Еще в самолете Зинуля спросила, нельзя ли ей поехать из аэропорта не к своей маме, а к Нике. Там ведь нет никого, а у мамы как-то совсем уж Зинуле тошно, ведь конурка-то сгорела, и, сколько еще придется жить с мамой, неизвестно, так что, если есть возможность хотя бы немного, хотя бы пару ночей переночевать у Ники, Зинуля была бы ужасно рада. Тем более не виделись они восемь лет, тем более горе такое. Общее их с Никой горе.

– Ночуй, живи. Гриша вряд ли прилетит в ближайшее время.

Когда самолет сел, Ника увидела в иллюминатор, как вслед за трапом подъезжает серый «Мерседес».

– Это за мной. Наверное, будет лучше, если ты до моего дома доедешь на такси.

Зинуля не возражала и даже ни одного вопроса не задала. Почему-то для обеих само собой разумелось, что Гриша не должен знать об их встрече.

Зинуля взяла деньги, записала адрес. Однако получилось так, что из самолета они вышли вместе и тут же нарвались на репортеришку с камерой. Каким-то образом он умудрился продраться сквозь толпу на трапе, подскочил почти вплотную, не обращая внимания на сутолоку, крики стюардесс и пассажиров, сунул ей свой микрофончик буквально в рот.

– Вероника Сергеевна, почему вы так спешно улетели в Москву? Чем объяснить ваш побег с инаугурации? У вас с мужем произошел серьезный конфликт? Повлияла ли предвыборная кампания на вашу семейную жизнь?

– Ну, дают ребята! – покачала головой Зинуля. – Совсем озверели!

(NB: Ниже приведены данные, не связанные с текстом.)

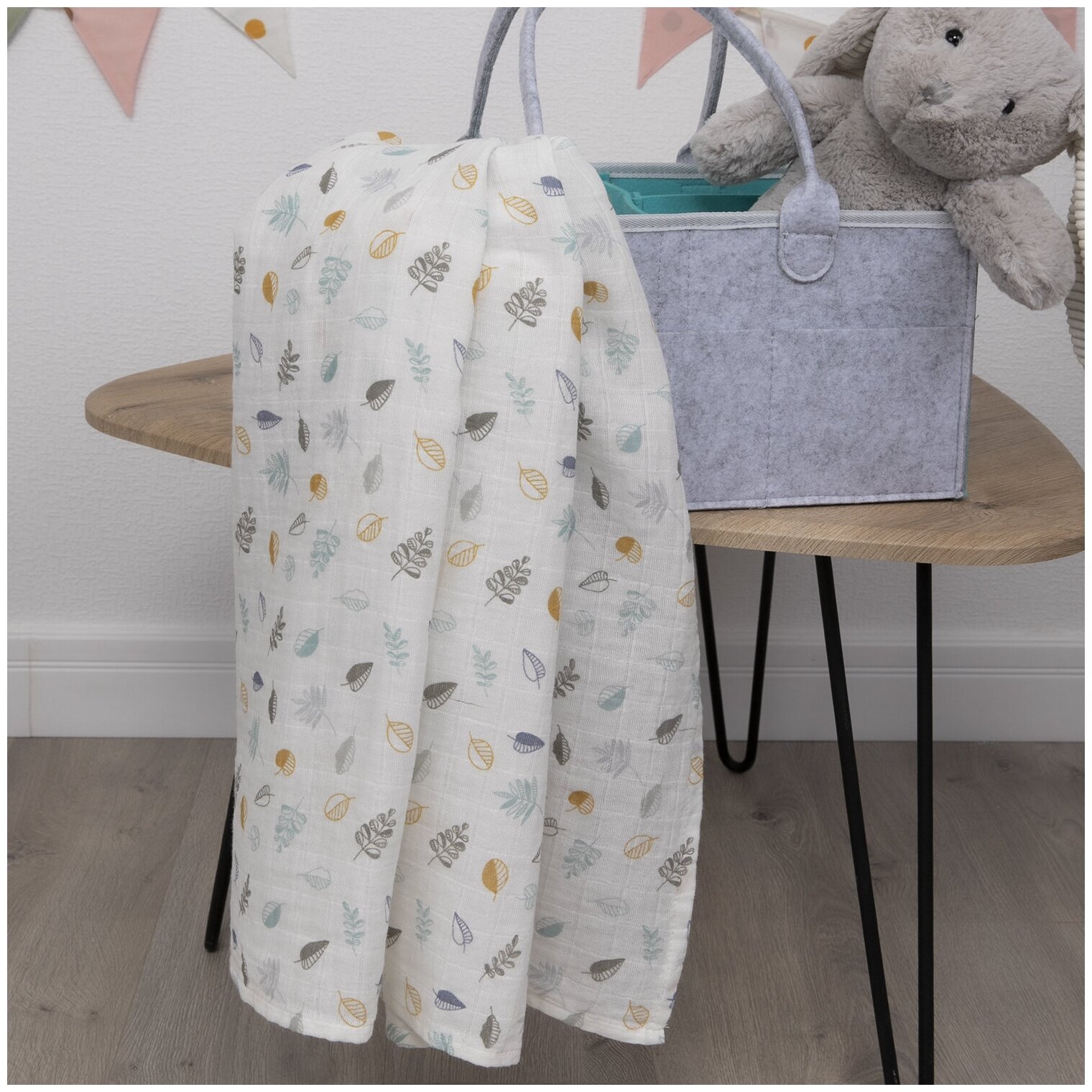 Детские пеленки для новорожденных муслиновые 120х120 "Листики", на выписку, на крещение Хлопок 100%

– Уйдите, отойдите от меня! – – Ника отвернулась, закрыла лицо, попыталась быстро обойти наглого репортеришку. И уже почти как к родным бросилась навстречу Костику со Стасиком, двум охранникам, которые встречали ее на «Мерседесе». А репортеришко все-таки успел щелкнуть ее пару раз.

Несомненно, Костик и Стасик уже подробно доложили Грише, с кем она вышла из самолета. Однако мало ли с кем? Может, в самолете и познакомились. Зинуля ведь им не представилась, быстро прошмыгнула, словно они с Никой вовсе незнакомы, и исчезла, подхваченная каким-то резвым таксистом.

Рано утром Ника не поленилась сбегать в ближайший киоск. Разглядывая собственный снимок, она думала о том, что наверняка этот же номер лежит сейчас на столе перед ее мужем. И теперь он знает, что в Москву она прилетела вместе с 3инулей Резниковой. Более того, он должен догадаться, что в больницу в Синедольске к ней заявилась не просто случайная пациентка, а именно Зинуля.

Если бы он задал прямой вопрос, она бы ответила, рассказала все как есть и даже про анонимки. Но он не спросил. И она не стала ничего рассказывать. В конце концов, это совершенно не телефонный разговор.

А почему, собственно? Ведь по телефону врать значительно легче. Ей, во всяком случае. Грише уже все равно. Он умеет это делать, глядя в глаза прямо, честно, с такой глубокой любовью и нежностью, что сразу хочется стать доверчивой дурочкой.

Когда ей было двадцать и она впервые поймала, почувствовала этот особенный Гришкин взгляд, всего лишь усмехнулась про себя: «Нравлюсь я тебе? Да, уже заметила. Очень нравлюсь. Это, конечно, приятно, но что дальше?»